This work addresses the challenge in black-box optimization of balancing global exploration with rapid local convergence. To this end, the authors propose the LAGO framework, which synergistically combines gradient-enhanced Bayesian optimization and trust-region local optimization through an adaptive competition mechanism. At each iteration, LAGO generates candidate points in parallel from both global and local strategies and dynamically selects the evaluation point based on predicted improvement. A key innovation lies in decoupling global exploration and local refinement at the candidate generation stage, while introducing a length-scale-based minimum distance criterion to filter local data, thereby mitigating numerical instability and ensuring both global coverage and efficient local convergence. Experimental results demonstrate that LAGO significantly outperforms conventional nonlinear local optimization methods on smooth functions, achieving superior global exploration capability alongside fast local convergence.

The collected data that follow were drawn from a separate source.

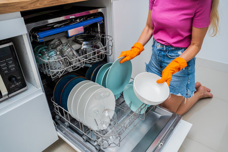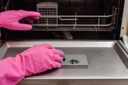 Female hands taking care of dishwashing machine for better cleaning
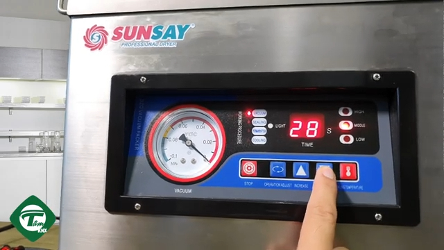 Sau khi khởi động máy, người dùng cần cài đặt hai thông số quan trọng là thời gian hút chân không và thời gian ép miệng túi. Trên bảng điều khiển của máy có các nút cài đặt màu xanh để điều chỉnh thời gian hút chân không. Khi nhấn vào biểu tượng hình tròn, đèn đỏ ở mục Vacuum sẽ sáng và màn hình sẽ hiển thị thời gian hút mặc định khoảng 30 giây. Tuy nhiên thời gian hút này có thể thay đổi tùy theo kích thước bao bì và lượng sản phẩm bên trong túi. Thông thường người dùng có thể cài đặt khoảng 25 đến 27 giây để đạt hiệu quả hút tốt. Các phím mũi tên lên xuống giúp tăng hoặc giảm thời gian hút từng giây để phù hợp với nhu cầu đóng gói.
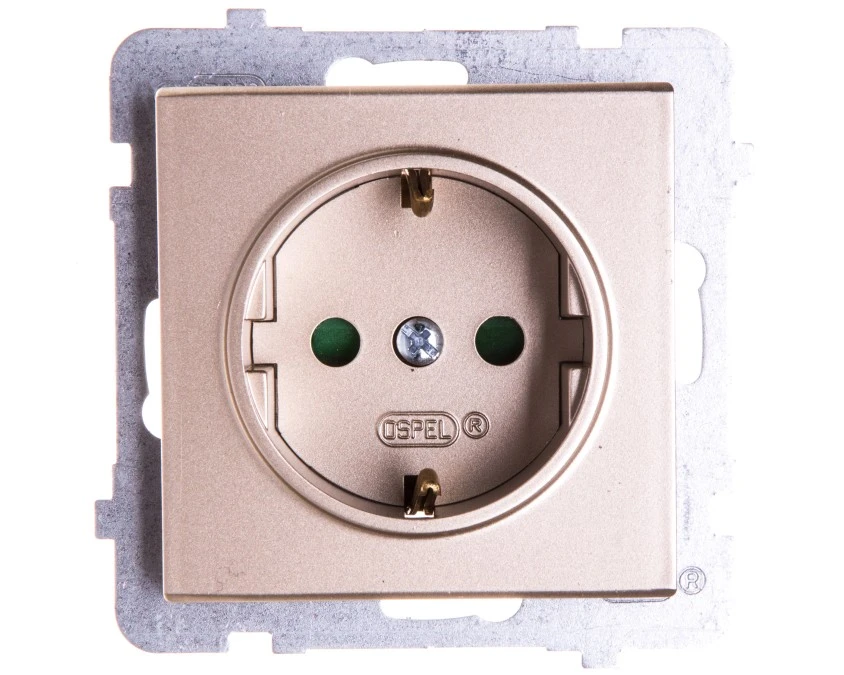 7. SONATA Gniazdo pojedyncze z uziemieniem IP44 szampański złoty GPH-1RZ/m/39/d OSPEL 31.86
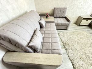 В комнате: спальный гарнитур со шкафом Dятьково Design, двуспальной кроватью с новым ортопедическим матрасом, угловой разбирающийся диван, телевизор, кондиционер.
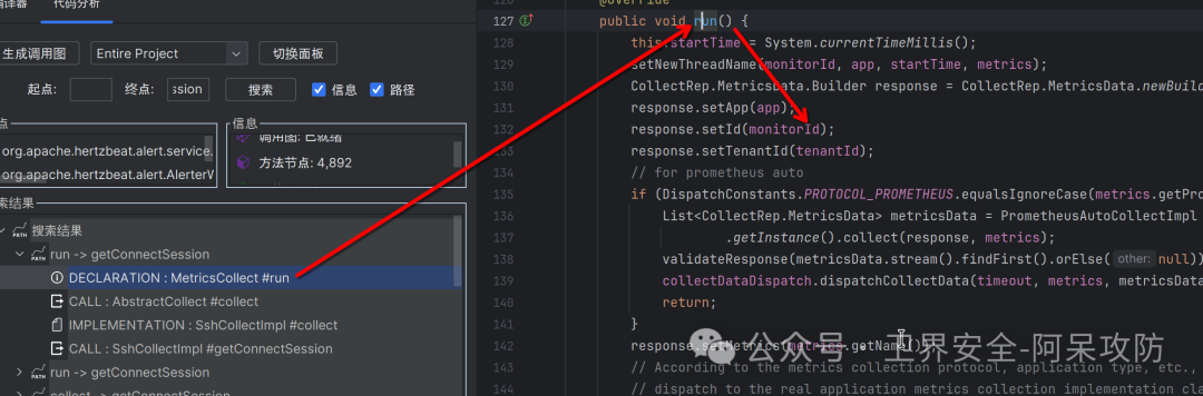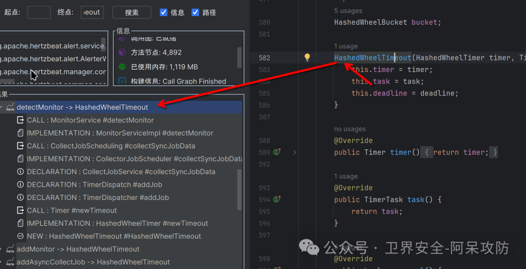 现在你就可以从搜索结果中看到这个方法的调用链了,我们展开调用链进行查看:
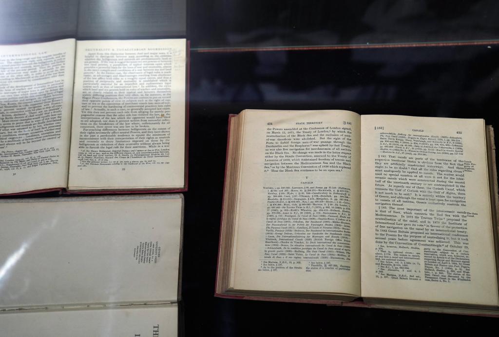 2025年8月1日在梅汝璈故居拍攝的梅汝璈在東京審判中用過(guò)的國(guó)際法專(zhuān)業(yè)工具書(shū)。
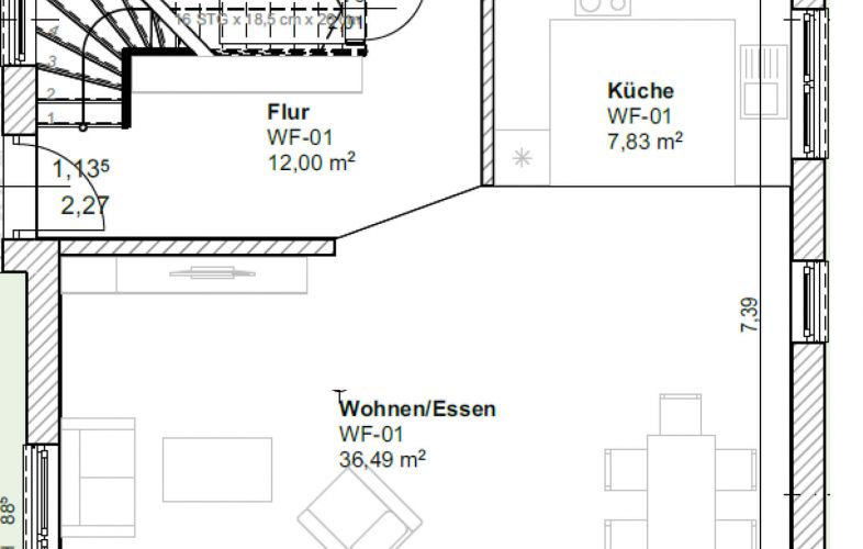 – Wohnen / Essen – Kochen ca. 44,32 m²
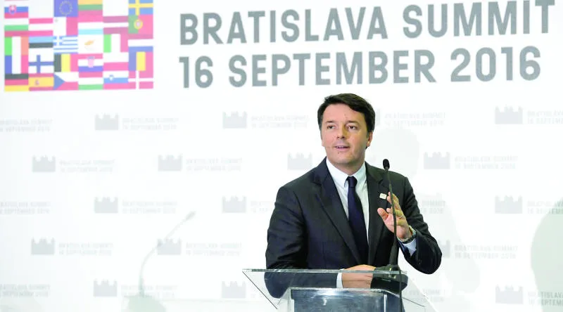 رئيس الوزراء الإيطالي ماتيو رينزي في مؤتمر صحافي بعد قمة براتيسلافا مساء أول من أمس (رويترز)
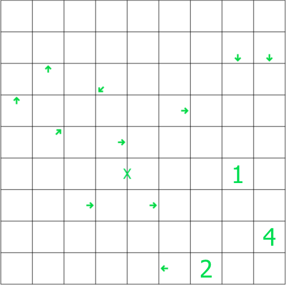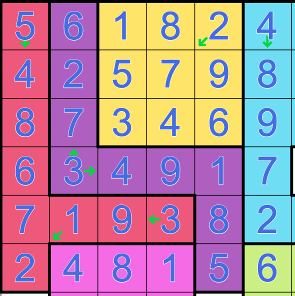 Green Arrows: The digit in a cell with an arrow is the total number of OTHER cells belonging to the same region seen in the indicated direction by the arrow in the cell. Entering different regions obstructs this vision. Additionally, each arrow's sightline, (going from its cell to the last cell it sees in its region without changing direction,) must satisfy at least one of the three below rules. No two arrows in the same region may satisfy the same rule. Note that the green X indicates that the two cells it separates are in the same region. There are also three given digits.
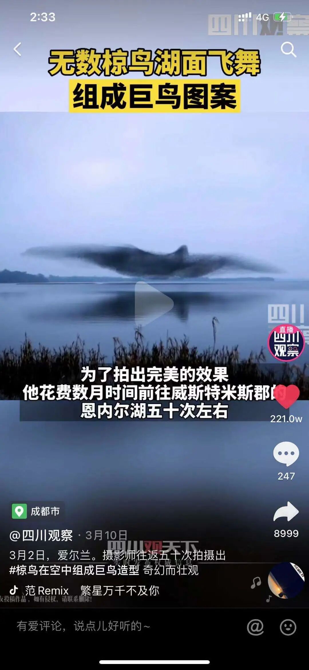 四川观察账号短视频的置顶文字标题,总是非常的言简意赅。置顶文字标题“无数椋鸟湖面飞舞组成巨鸟图案”,不仅使得受众快速了解视频内容,而且打开短视频后就下意识着等着巨鸟图案的出现。
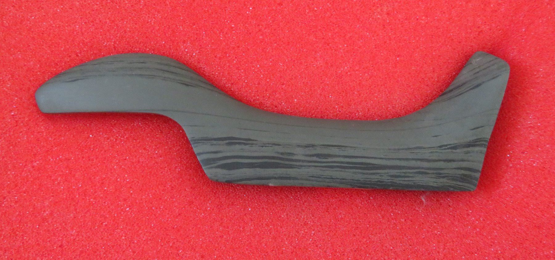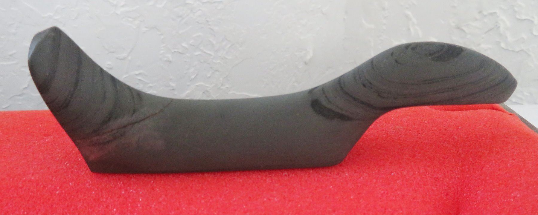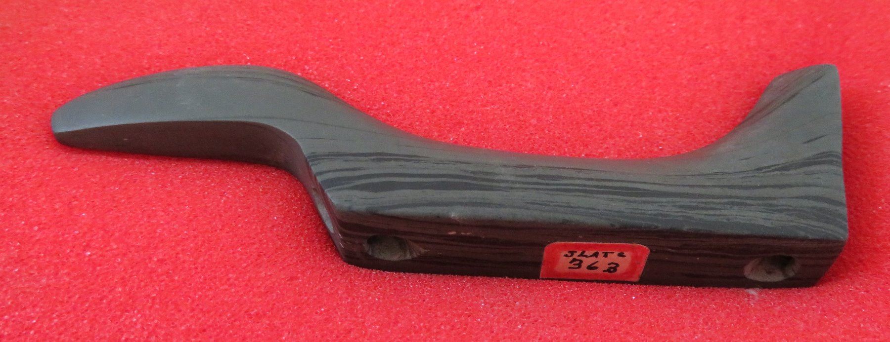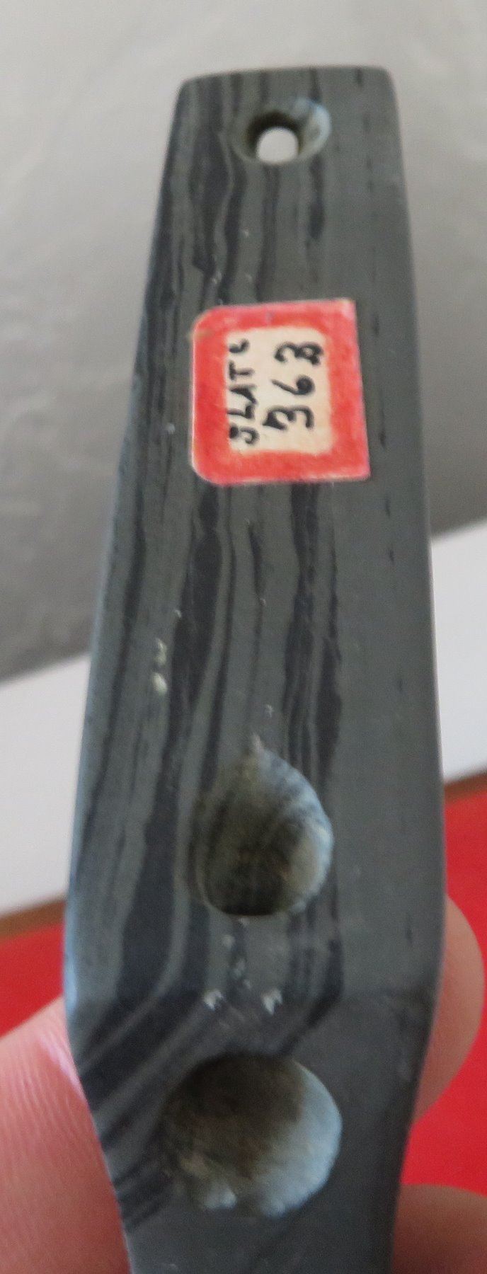 Banded Slate Birdstone, pre-historic item. Made of slate, the item measures 5 1/2" x 1 1/2" x 1". Clinton County, Ohio. Frame not included. Condition: Crack in tail, see images. Shipping: $24.50 w/insurance and signature.

We introduce LAGO, a LocAl-Global Optimization algorithm that combines gradient-enhanced Bayesian Optimization (BO) with gradient-based trust region local refinement through an adaptive competition mechanism. At each iteration, global and local optimization strategies independently propose candidate points, and the next evaluation is selected based on predicted improvement. LAGO separates global exploration from local refinement at the proposal level: the BO acquisition function is optimized outside the active trust region, while local function and gradient evaluations are incorporated into the global gradient-enhanced Gaussian process only when they satisfy a lengthscale-based minimum-distance criterion, reducing the risk of numerical instability during the local exploitation. This enables efficient local refinement when reaching promising regions, without sacrificing a global search of the design space. As a result, the method achieves an improved exploration of the full design space compared to standard non-linear local optimization algorithms for smooth functions, while maintaining fast local convergence in regions of interest.